When applying for a job at a top-tier consulting firm, you want to maximize your chances for success by working hard on the variables you can control.
You can’t control when you’ll be invited to interview, who will interview you, or what the subject matter of the case will be. But you can control your ability to perform well during the case.
Cases are designed to test your logic and problem solving skills. You may think they are testing your innate ability to solve problems, but solving cases is a skill that can be learned and improved. Just as you would have better chances of scoring well on the SAT, GRE or GMAT by studying the format of the test, doing practice tests, and taking a class to teach you best practices, you can improve your case solving skills.
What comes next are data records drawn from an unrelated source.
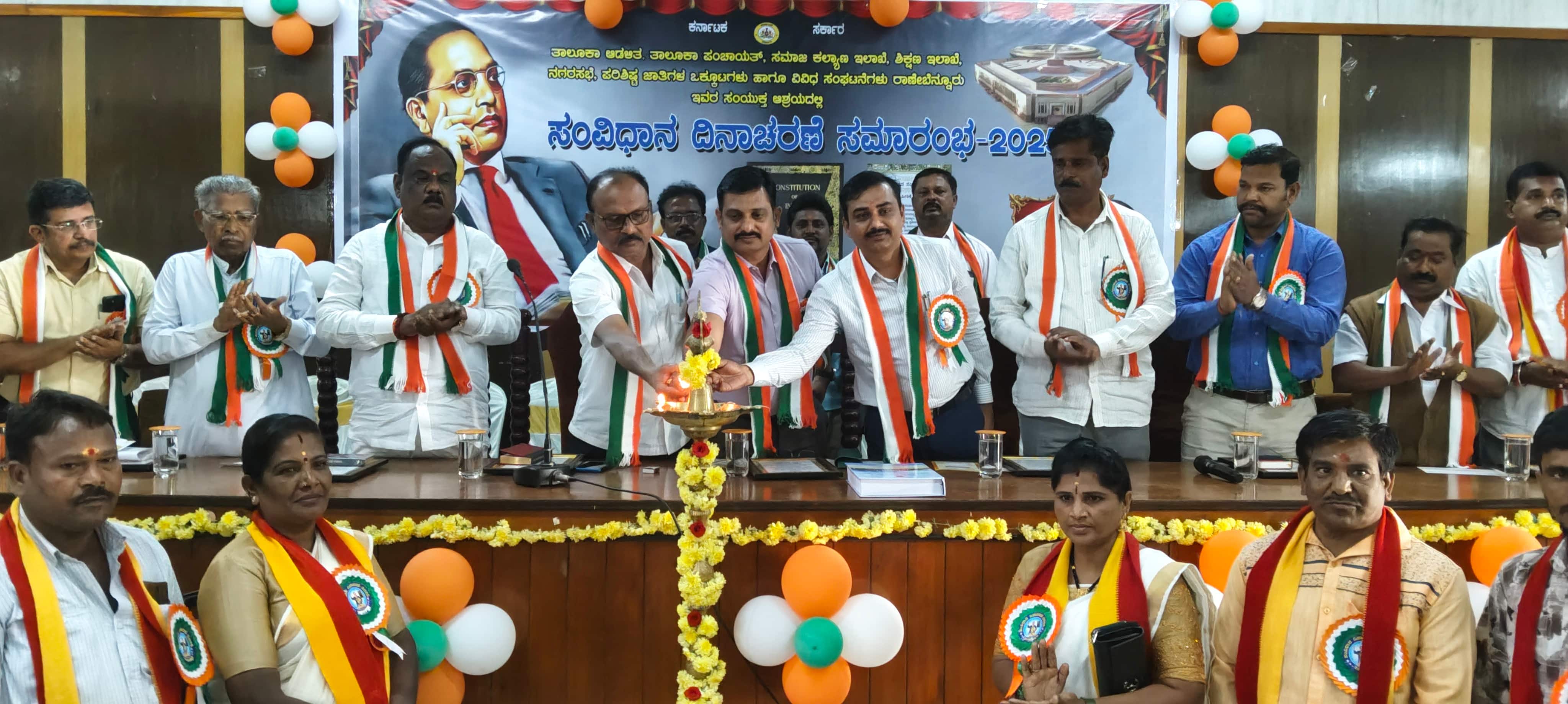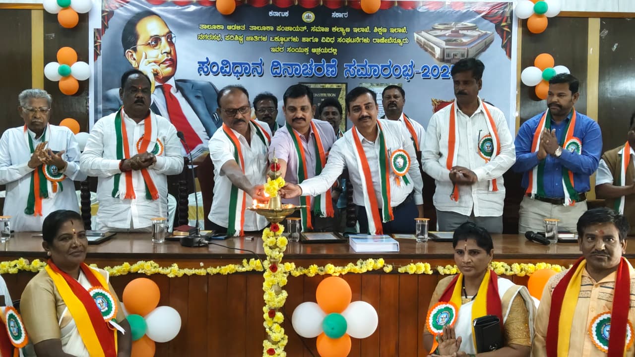ತಹಸೀಲ್ದಾರ್ ಆರ್.ಎಚ್. ಭಾಗವಾನ ಅಧ್ಯಕ್ಷತೆ ವಹಿಸಿದ್ದರು. ಆರ್ಟಿಇಎಸ್ ಪದವಿ ಮಹಾವಿದ್ಯಾಲಯದ ಉಪನ್ಯಾಸಕ ಶಿವಕುಮಾರ ಬೆಣ್ಣಿ ಉಪನ್ಯಾಸ ನೀಡಿದರು. ತಾಪಂ ಇಒ ವೆಂಕಟೇಶ ಸಣ್ಣಬಿದರಿ, ಬಿಇಒ ಶ್ಯಾಮಸುಂದರ ಅಡಿಗ, ನಗರಸಭೆ ಆಯುಕ್ತ ಫಕ್ಕಿರಪ್ಪ ಇಂಗಳಗಿ, ಪಿಎಲ್ಡಿ ಅಧ್ಯಕ್ಷ ಕರೇಗೌಡ ಬಾಗೂರ, ನಗರಸಭೆ ಸದಸ್ಯ ಪ್ರಕಾಶ ಪೂಜಾರ, ರವೀಂದ್ರಗೌಡ ಪಾಟೀಲ, ನಿತ್ಯಾನಂದ ಕುಂದಾಪುರ, ರಮೇಶ ಕೊರವರ, ಗಣೇಶ ಗೋಣಿಬಸಮ್ಮನವರ, ಮಲ್ಲೇಶಪ್ಪ ಮದ್ಲೇರ ಮತ್ತು ಇತರರಿದ್ದರು.ಸಮಾರಂಭದ ಪ್ರಯುಕ್ತ ಏರ್ಪಡಿಸಲಾಗಿದ್ದ ವಿವಿಧ ಸ್ಪರ್ಧೆಗಳಲ್ಲಿ ವಿಜೇತರಾದ ವಿದ್ಯಾರ್ಥಿಗಳಿಗೆ ಬಹುಮಾನ ವಿತರಿಸಲಾಯಿತು. ಇದಕ್ಕೂ ಪೂರ್ವದಲ್ಲಿ ನಗರಸಭೆ ಕಚೇರಿಯಿಂದ ತಾಪಂ ಕಚೇರಿಯವರಿಗೂ ರಾಷ್ಟ್ರಧ್ವಜ, ಸಂವಿಧಾನ ಪುಸ್ತಕ ಪ್ರದರ್ಶನ ಸಮೇತ ಶಾಲಾ-ಕಾಲೇಜು ಮಕ್ಕಳೊಂದಿಗೆ ಜಾಥಾ ನಡೆಯಿತು.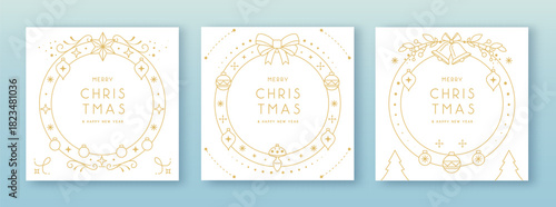 Set of modern Christmas frames or holiday greeting cards on white background. Line art vector illustration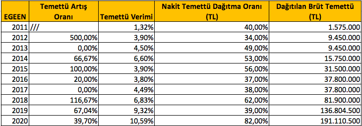 Listedeki bir diğer şirketimiz de EGEEN. Temettüsünü tam dokuz senedir arttırıyor.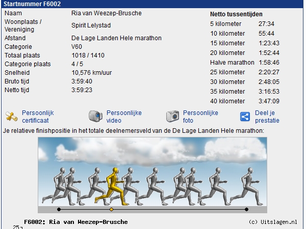 Bij de finish werd het spannend. Zou het Ria lukken, ondanks de zware omstandigheden, een podiumplaats te halen of misschien zelfs een verbetering van het Nationaal Record bij de V65? Ze moest dan binnen de 3.58.16 finishen. De finishklok tikte onverbiddelijk door. Mijn blikken gingen van de klok naar de weg. Nog steeds geen Ria. De tijd verstreek en een record zat er niet meer in. De 2e dame V60 passeerde de eindstreep, ze kon misschien nog 3e worden. Dan plan B, finishen binnen de 4 uur. De klok ging naar 3.58, 3.59. Nu werd het echt spannend. 3.59.30. Ook dat leek niet meer haalbaar. Of toch wel? Want daar kwam Ria aan, een paar verkleumde handen gingen omhoog en ze kwam binnen in een bruto tijd van 3.59.40 (netto 3.59.23). De speaker kondigde Ria aan als 3e in de categorie V60 bij de NK.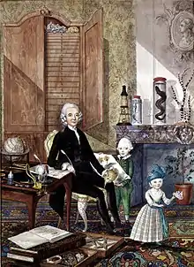 Portrait of the naturalist Laurentius Theodorus Gronovius with his two sons, Johannes and Samuel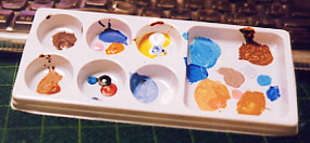 おつかれさまでしたー。 アクリル絵の具はリキテックスですが、パレットはやっぱり100均の使い捨て。 |

At a minimum, you should prepare yourself for success by committing to practicing your case techniques for several weeks before your interview. Doing 50–70 cases is common. However, it is just as important to practice the right way.
- Understand and internalize the key frameworks, don’t try to memorize them. A common mistake is the desire to remember the solution to every single case in every single industry. Clearly, that’s impossible. Understanding how case solutions are structured and internalizing the key logical steps to take to solving a case is much more effective than memorizing fifteen frameworks and trying to think through what framework matches the problem you’ve been presented with during the interview.
- Get comfortable with oral math. Nothing is more off-putting than someone who cannot perform simple multiplication, division, taking percentages, etc. out loud. Wean yourself off of your calculator and learn how to make meaningful estimates that simplify your calculations.
- Remember that half of the evaluation will be on intangibles — your executive presence, your skill at building rapport with the interviewer, and your oral communication skills. If you think it’s all about the “right answer”, you’re wrong!
- Practice with a knowledgeable partner. Practicing written cases with your peers is OK — it helps you internalize the logic for cracking cases. However, a peer will not know what the evaluation criteria are for top tier firms and won’t be able to evaluate how you are performing versus your competition. For a realistic assessment of your strengths and weaknesses, you should do some case interview practice with someone from the industry — either an industry contact who is willing to practice with you, or a firm like the Career Consulting Academy.